§ Problem statement
Within the listing that follows, reproduce exactly the lines starting at the line with "Intervento dei vigili" and ending at the line with "豆菓子やバターを使わない和風クッキー、金平糖などを、小さな丸缶におさめました。", inclusive, and only those. Pictures are dropped.

§ Listed records
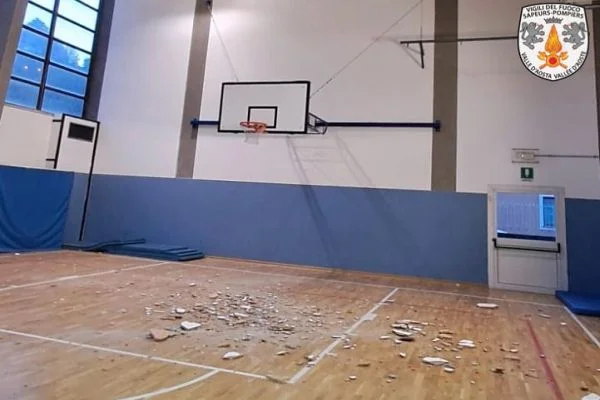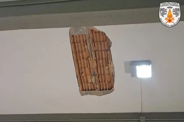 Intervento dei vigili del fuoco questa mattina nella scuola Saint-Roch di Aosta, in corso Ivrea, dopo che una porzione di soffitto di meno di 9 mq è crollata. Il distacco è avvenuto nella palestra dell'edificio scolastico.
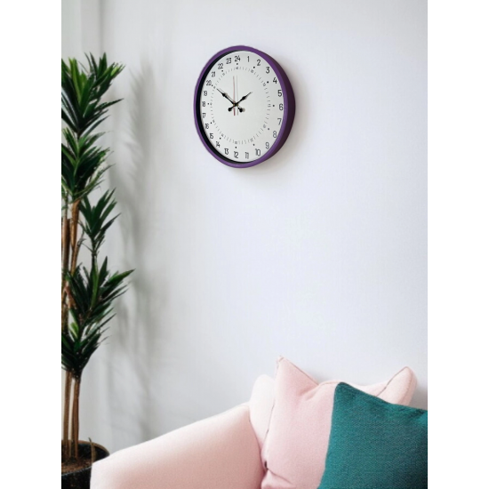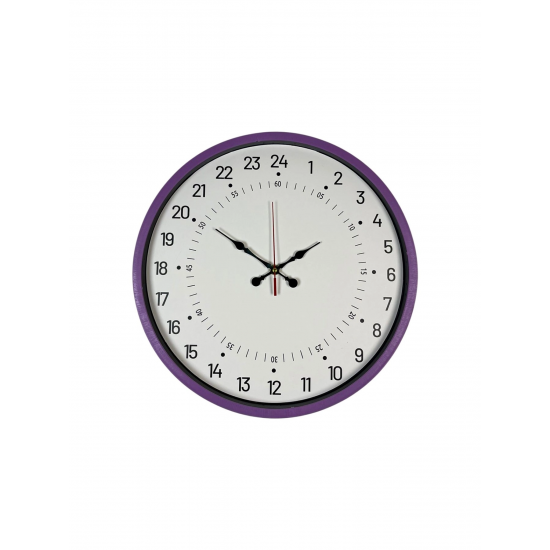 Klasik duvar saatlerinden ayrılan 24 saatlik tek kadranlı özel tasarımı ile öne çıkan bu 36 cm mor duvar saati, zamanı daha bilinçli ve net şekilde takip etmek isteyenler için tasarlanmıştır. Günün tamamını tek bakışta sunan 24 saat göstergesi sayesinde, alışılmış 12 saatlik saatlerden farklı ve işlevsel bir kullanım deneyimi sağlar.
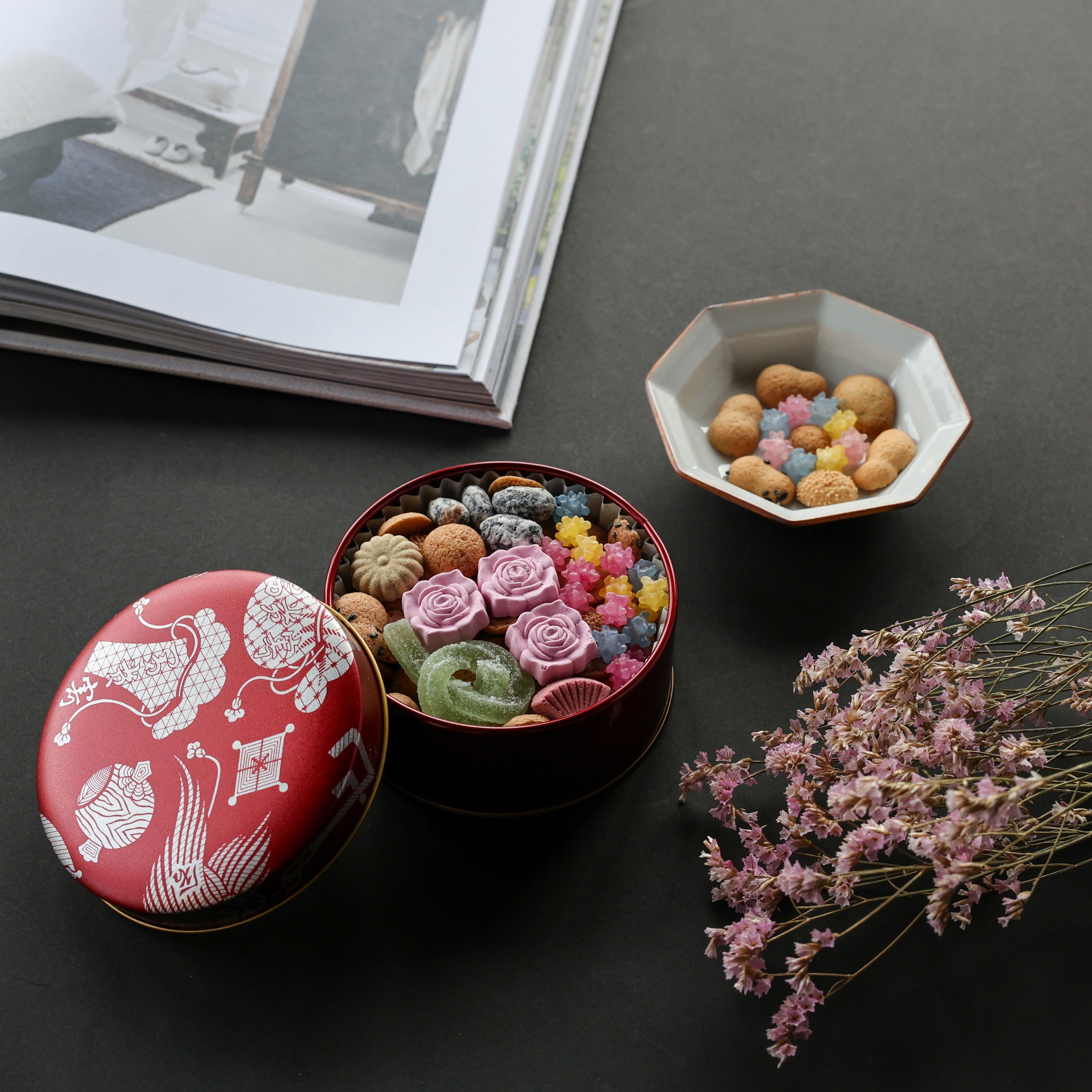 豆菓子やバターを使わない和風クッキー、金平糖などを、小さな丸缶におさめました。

--

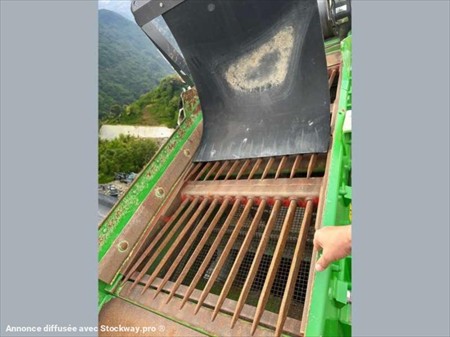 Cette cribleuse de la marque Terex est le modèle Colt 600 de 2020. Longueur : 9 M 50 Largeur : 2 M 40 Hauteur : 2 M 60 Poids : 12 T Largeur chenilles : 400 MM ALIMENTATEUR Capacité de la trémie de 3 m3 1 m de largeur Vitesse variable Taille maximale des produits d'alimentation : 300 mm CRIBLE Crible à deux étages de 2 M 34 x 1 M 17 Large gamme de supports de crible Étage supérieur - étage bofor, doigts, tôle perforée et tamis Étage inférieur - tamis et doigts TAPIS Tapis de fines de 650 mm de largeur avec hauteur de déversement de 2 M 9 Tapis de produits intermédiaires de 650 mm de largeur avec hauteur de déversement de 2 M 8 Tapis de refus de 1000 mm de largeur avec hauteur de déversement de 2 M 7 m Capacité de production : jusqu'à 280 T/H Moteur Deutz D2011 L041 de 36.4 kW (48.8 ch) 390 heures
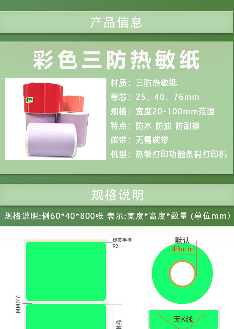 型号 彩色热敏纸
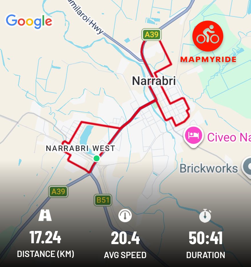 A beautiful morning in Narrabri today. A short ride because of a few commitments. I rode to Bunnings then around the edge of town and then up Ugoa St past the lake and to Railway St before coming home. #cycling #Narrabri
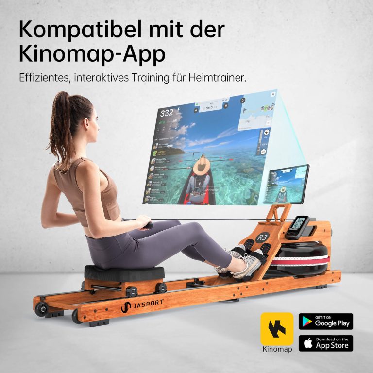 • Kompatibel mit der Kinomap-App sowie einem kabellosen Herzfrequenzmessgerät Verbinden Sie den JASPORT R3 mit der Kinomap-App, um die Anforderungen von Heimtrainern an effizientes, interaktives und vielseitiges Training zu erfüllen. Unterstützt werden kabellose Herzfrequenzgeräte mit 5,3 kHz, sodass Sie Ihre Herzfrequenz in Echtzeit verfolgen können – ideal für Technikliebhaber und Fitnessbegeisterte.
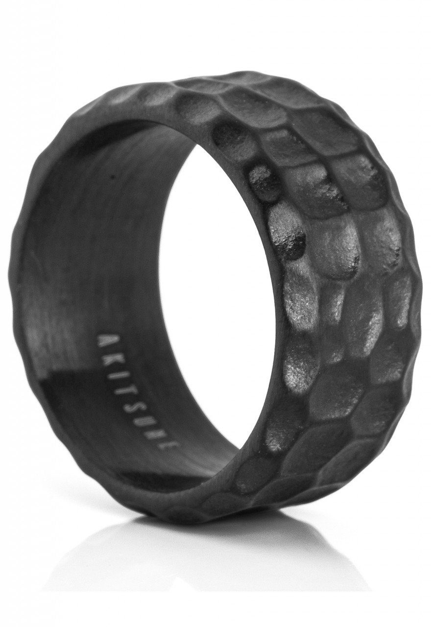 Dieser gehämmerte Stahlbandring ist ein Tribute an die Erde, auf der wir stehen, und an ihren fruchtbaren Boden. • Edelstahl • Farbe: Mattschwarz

* * *

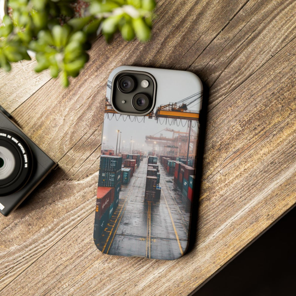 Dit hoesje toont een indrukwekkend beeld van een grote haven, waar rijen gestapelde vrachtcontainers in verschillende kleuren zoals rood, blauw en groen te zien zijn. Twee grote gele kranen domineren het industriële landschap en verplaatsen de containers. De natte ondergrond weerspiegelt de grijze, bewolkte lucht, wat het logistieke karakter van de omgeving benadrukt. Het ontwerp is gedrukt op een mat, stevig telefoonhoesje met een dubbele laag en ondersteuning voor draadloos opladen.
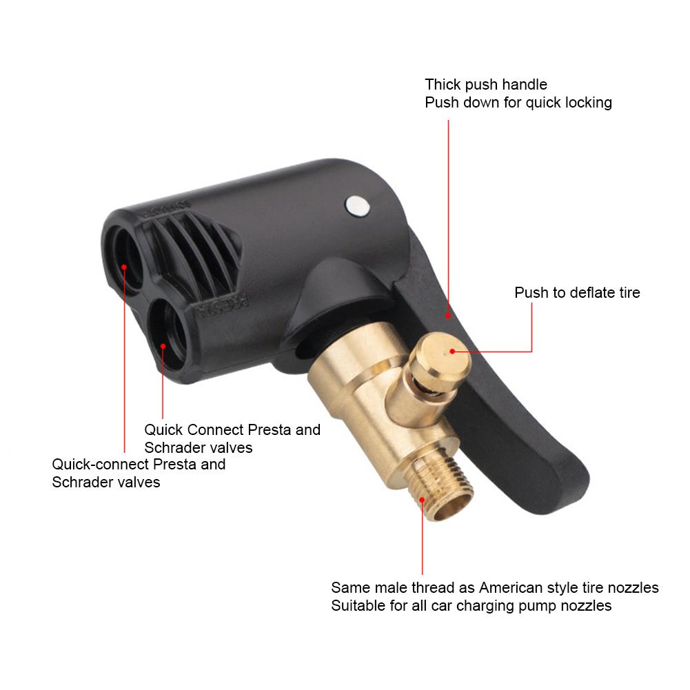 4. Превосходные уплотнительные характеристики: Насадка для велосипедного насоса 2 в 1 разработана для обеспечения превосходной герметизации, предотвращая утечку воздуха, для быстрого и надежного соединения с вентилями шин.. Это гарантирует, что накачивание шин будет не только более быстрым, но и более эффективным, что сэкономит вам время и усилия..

§ Solution to this problem
 Intervento dei vigili del fuoco questa mattina nella scuola Saint-Roch di Aosta, in corso Ivrea, dopo che una porzione di soffitto di meno di 9 mq è crollata. Il distacco è avvenuto nella palestra dell'edificio scolastico.
 Klasik duvar saatlerinden ayrılan 24 saatlik tek kadranlı özel tasarımı ile öne çıkan bu 36 cm mor duvar saati, zamanı daha bilinçli ve net şekilde takip etmek isteyenler için tasarlanmıştır. Günün tamamını tek bakışta sunan 24 saat göstergesi sayesinde, alışılmış 12 saatlik saatlerden farklı ve işlevsel bir kullanım deneyimi sağlar.
 豆菓子やバターを使わない和風クッキー、金平糖などを、小さな丸缶におさめました。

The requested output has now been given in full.